■ **Work order**:
What you should give back is a precise copy of the lines below from the one containing "19º Convite de" through the one containing "Слайд 18Найдите наречие, задайте", with no pictures.

BEGIN Extracted entries

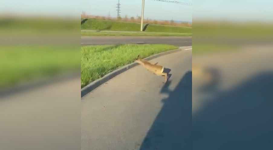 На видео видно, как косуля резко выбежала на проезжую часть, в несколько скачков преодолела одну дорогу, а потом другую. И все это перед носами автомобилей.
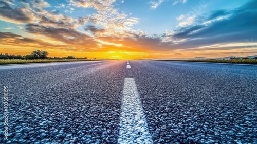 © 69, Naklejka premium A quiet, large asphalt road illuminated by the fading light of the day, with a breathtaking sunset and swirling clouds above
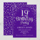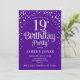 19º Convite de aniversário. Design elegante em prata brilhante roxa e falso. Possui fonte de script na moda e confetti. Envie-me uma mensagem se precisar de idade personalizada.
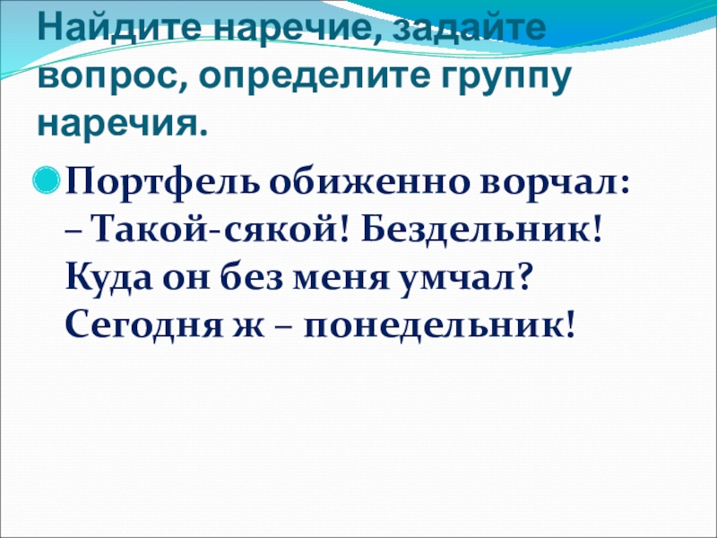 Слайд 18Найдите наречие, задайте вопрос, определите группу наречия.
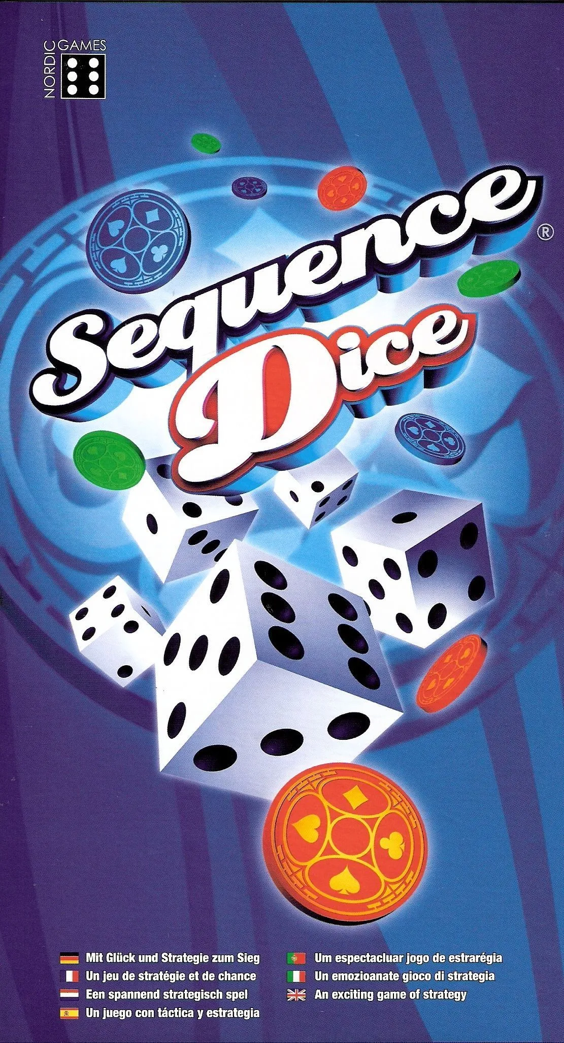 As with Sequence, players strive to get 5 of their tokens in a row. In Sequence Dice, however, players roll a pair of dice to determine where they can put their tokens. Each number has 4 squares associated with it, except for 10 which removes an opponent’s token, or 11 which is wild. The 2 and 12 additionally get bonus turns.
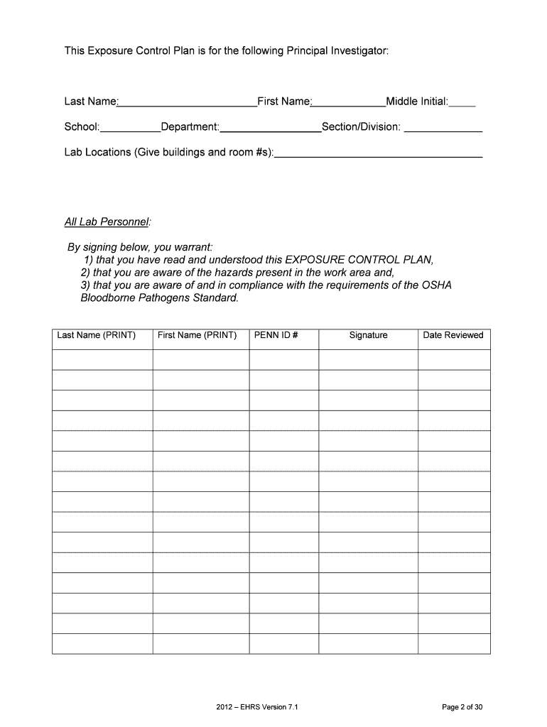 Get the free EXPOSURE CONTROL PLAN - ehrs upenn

END Extracted entries

■ **Result of this exercise**:
 19º Convite de aniversário. Design elegante em prata brilhante roxa e falso. Possui fonte de script na moda e confetti. Envie-me uma mensagem se precisar de idade personalizada.
 Слайд 18Найдите наречие, задайте вопрос, определите группу наречия.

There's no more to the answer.